Albert Camus would have been 100 years old today. 

What I remember: Reading The Stranger at Sixth Form. Hating the sterile Everyman edition I found at the school library. Loving the equally austere but slightly more stylish silver-grey Penguin edition, with the footsteps in the sand.

He was a softer version of Nietzsche, to me. Nietzsche pummeled me. Camus let me in. I could see his philosophy working, somehow: absurdism felt both sexier and more managable than nihilism – or raging anti-nihlism… guess it depends who you ask. 

It’s his short stories that remain etched in my memory. I’ll never re-read The Myth of Sisyphus. I doubt I’ll ever re-read The Stranger or The Plague either. But The Exile and the Kingdom felt friendlier… more humane than anything I’d ever encountered from his oeuvre. The sweeping intellectual make-up of ‘Sisyphus’ and The Plague; the blunt, macho minimalism of The Stranger… there’s none of that in The Exile and the Kingdom. 
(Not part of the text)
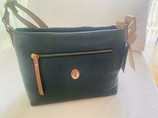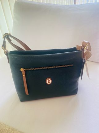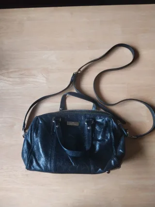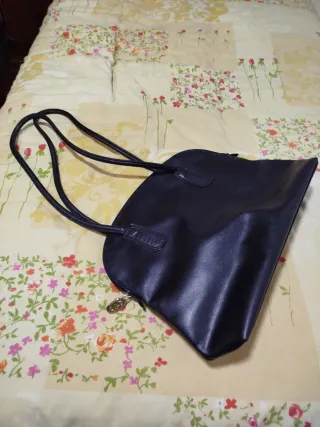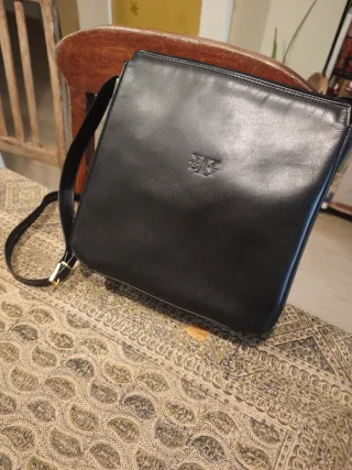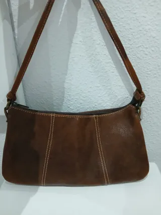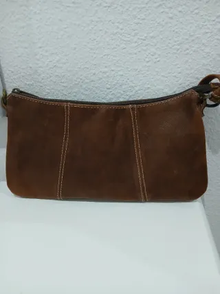 Bolso de piel de excelente calidad con un diseño elegante y atemporal. Perfecto para el día a día o para ocasiones especiales o como fondo de armario. - Material: Piel genuina. - Compartimento principal espacioso. - Correa ajustable para mayor comodidad. - Tiene un compartimento interno con un bolsillo que cierra con cremallera La pieza de metal lateral y el tirador de la cremallera han perdido un poco el brillo de estar guardados Ver medidas en fotos Se entrega con bolsa de tela

The fact that someone so intellectually flinty and sharp could allow themselves sentimentality to seep through; the fact that he showed himself to be artistic, to be open to occasional, experimental bouts of emotion in prose… 

It was to be the last time I engaged with Camus, but it felt like a good way to round off the relationship. (Of course I could still get into his writing again, of course I could dip into the books every now and then and still derive pleasure for them. But what I mean is that the ‘phase’, the fevered season of devouring them wholesale, was gone.)

Feeling the pull away from the core of his work, I moved on to Camus but took some of the absurd with me. I’d like to think it’s still with me, anyway. The scepticism of any definite moral or philosophical impositions. The framing of human endeavour against something ultimately unpredictable, but not necessarily malevolent or cold. Acknowledging our passion as something fiery and real and justified in every way, even if we’re not sure where it all comes from, and where it’s all going… 

This could all just be projecting. My memory of Camus’ work and its implications could be faulty (and, of course, it could be that I never quite grasped if fully in the first place). But that’s what I remember when I think back on it. 

A solitary figure – alone but not lonely. The world spinning on regardless, and you jumping on the carousel.